Impactos Econômicos e Sociais da Negativação Irregular
O volume de ações judiciais relacionadas à negativação indevida é um dos mais expressivos do contencioso de varejo no Brasil, sobrecarregando os Juizados Especiais Cíveis e as Varas Cíveis em todo o país. Estimativas baseadas nos dados do Conselho Nacional de Justiça indicam que litígios envolvendo instituições financeiras e operadoras de serviços representam parcela substancial das demandas repetitivas em tramitação. Para além do custo judicial, a negativação indevida produz externalidades sociais relevantes, como a exclusão de trabalhadores de postos de trabalho que exigem idoneidade financeira, a impossibilidade de microempreendedores acessarem linhas de crédito para o desenvolvimento de seus negócios e o agravamento da vulnerabilidade de famílias de baixa renda que já enfrentam dificuldades para acessar o sistema financeiro formal. "Quando uma negativação indevida impede alguém de conseguir emprego ou crédito, ela não cria apenas um dano individual, cria uma injustiça com dimensão coletiva."
Tendências Jurisprudenciais e a Agenda de Modernização
O horizonte normativo aponta para desenvolvimentos relevantes no campo da proteção de dados e sua intersecção com os cadastros de inadimplentes. A LGPD, Lei nº 13.709/2018, aplicável ao tratamento de dados pessoais pelas entidades gestoras de bancos de dados de consumidores, amplia as obrigações de transparência, finalidade e necessidade no uso das informações, reforçando o arcabouço protetivo do CDC. A Resolução BACEN nº 4.571/2017 e as normas do Sistema de Informações de Crédito do Banco Central, o SCR, também estabelecem parâmetros para a gestão responsável das informações de crédito dos consumidores. No campo jurisprudencial, o STJ tem debatido a possibilidade de uniformizar os critérios de quantificação do dano moral em casos de negativação indevida, visando reduzir a dispersão das condenações que hoje variam de forma expressiva entre diferentes tribunais e juízes. Essa uniformização, se concretizada, trará maior previsibilidade tanto para os consumidores quanto para as empresas, contribuindo para a racionalização do contencioso.

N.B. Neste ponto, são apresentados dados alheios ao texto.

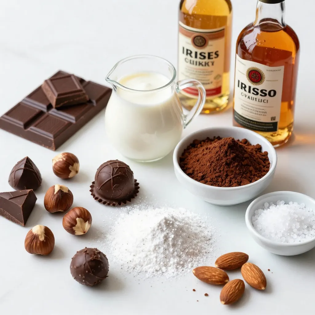 - 8 oz (225g) dark chocolate, finely chopped - 1/2 cup heavy cream - 2 tablespoons Irish whiskey - 1/4 cup unsweetened cocoa powder - 1/2 cup powdered sugar - 1/4 cup finely chopped nuts (hazelnuts or almonds) - A pinch of sea salt for garnish If you want a non-alcoholic option, use whiskey flavoring instead of Irish whiskey. You can also pick different kinds of chocolate, like semi-sweet or milk chocolate, if you prefer. For dark chocolate, I suggest brands like Ghirardelli or Valrhona for quality. When it comes to Irish whiskey, Jameson and Bushmills are popular choices that add great flavor to your truffles. {{ingredient_image_2}} - Melting the chocolate Start by chopping your dark chocolate into small pieces. This helps it melt evenly. Place the chopped chocolate in a heatproof bowl. - Heating the cream Pour the heavy cream into a small saucepan. Heat on medium heat until it lightly simmers. Do not let it boil. Once it simmers, take it off the heat. - Mixing chocolate and cream Pour the hot cream over the chopped chocolate. Let it sit for about 2 minutes. This allows the chocolate to soften. After two minutes, stir the mixture gently. Keep stirring until it becomes smooth. - Blending in the whiskey Add in your Irish whiskey or the non-alcoholic flavoring. Mix it well until combined with the chocolate. - Techniques for rolling Cover the bowl with plastic wrap. Place it in the fridge for 1 to 2 hours. This will help the mixture firm up. Once firm, use a small scoop or your hands to form balls. Aim for about 1 inch in size. - Coating options Roll each ball in your choice of coating. You can use cocoa powder, powdered sugar, or finely chopped nuts. This adds great flavor and texture. Arrange them on a parchment-lined sheet. Before they set, sprinkle a tiny pinch of sea salt on top. This enhances the taste. Return the truffles to the fridge for another 30 minutes to firm up. To achieve a smooth texture, always chop your chocolate finely. This helps it melt evenly. When you heat the cream, bring it to a gentle simmer. This makes the cream hot enough without boiling. Pour the hot cream over the chocolate and let it sit. This helps the chocolate soften. Stir gently until the mixture is silky and smooth. For flavor enhancement, choose a quality Irish whiskey. A good whiskey adds depth to the truffles. If you prefer a non-alcoholic option, use whiskey flavoring instead. This still gives a nice taste without alcohol. You can also mix in a tiny pinch of sea salt. This adds a nice contrast to the sweetness. One common mistake is overheating the cream. If you boil the cream, it can change the texture. This makes it harder for the chocolate to melt properly. Always watch the cream closely as it heats. Another mistake is not chilling the mixture enough. If the ganache is too soft, it won't hold its shape. Be sure to chill it for 1-2 hours until firm. This makes rolling the truffles much easier. For presentation, serve your truffles in a decorative box. You can also use a slate platter for a rustic look. Garnish with extra chopped nuts or chocolate shavings for added style. For pairing, enjoy these truffles with a cup of coffee. The flavors work well together. You can also pair them with a glass of Irish whiskey. This enhances the whiskey notes in the truffles. Pro Tips Use High-Quality Chocolate: The flavor of your truffles will largely depend on the quality of chocolate you choose. Opt for a premium dark chocolate with at least 70% cocoa for rich, indulgent truffles. Chill for Perfect Texture: Ensure you chill the ganache until it’s firm enough to scoop. This step is crucial for achieving the right texture and ensuring the truffles hold their shape when rolled. Experiment with Coatings: While cocoa powder and powdered sugar are classic options, feel free to experiment with other coatings like crushed cookies, coconut flakes, or even sprinkles for a fun twist. Make Ahead: These truffles can be made ahead of time. Just store them in an airtight container in the refrigerator for up to a week, or freeze them for longer storage. Just remember to let them thaw in the fridge before serving. {{image_4}} You can change the taste of your truffles easily. Try using different spirits like rum or bourbon instead of Irish whiskey. This gives a new twist to your truffles. You can also add flavorings like espresso for a coffee kick. A bit of orange zest can add a bright, fresh taste. Experiment with these ideas to find your favorite mix! While cocoa powder is common, you have many choices for coatings. You can roll your truffles in powdered sugar for a sweet touch. Try finely chopped nuts for crunch, like almonds or hazelnuts. Another fun option is a drizzle of melted chocolate on top. This adds a nice look and extra chocolatey flavor. If you want vegan options, you can swap heavy cream with coconut cream. Use a dark chocolate that has no milk. For gluten-free truffles, make sure the chocolate and other ingredients are certified gluten-free. These changes let everyone enjoy these treats without worries! To keep your Irish whiskey chocolate truffles fresh, store them in an airtight container. This helps prevent them from drying out. Place parchment paper between layers to avoid sticking. The best storage temperature is in the fridge, around 32°F to 36°F (0°C to 2°C). This cool environment maintains the truffles' texture and taste. These truffles can last up to two weeks if stored properly. After this time, they may lose their flavor and texture. Look for signs of spoilage, like a dull appearance or an off smell. If the truffles feel too soft or sticky, they may also be past their prime. If you have leftover chocolate ganache, you can make more truffles! Simply warm the ganache slightly, then scoop and roll. Alternatively, use it as a filling in cupcakes or layer it in desserts. You can also incorporate leftover nuts into trail mixes or other treats for extra crunch. To make Irish whiskey chocolate truffles, s

A negativação indevida é um dos campos em que o direito civil brasileiro demonstra, com maior clareza, sua capacidade de proteger a dignidade econômica dos cidadãos. Para consumidores que se descobrirem negativados sem fundamento legítimo, a orientação é buscar imediatamente orientação jurídica, registrar a ocorrência nos órgãos de defesa do consumidor como o Procon, e ingressar com as medidas judiciais cabíveis, incluindo a tutela de urgência para cancelamento imediato da inscrição e a ação indenizatória. O sistema jurídico oferece instrumentos, o que o consumidor precisa é conhecê-los e utilizá-los. Para as empresas, a mensagem é igualmente direta, os custos de um sistema interno eficiente de gestão de baixa de débitos e cancelamento de negativações são invariavelmente inferiores ao passivo judicial acumulado por anos de ineficiência ou descuido nessa área.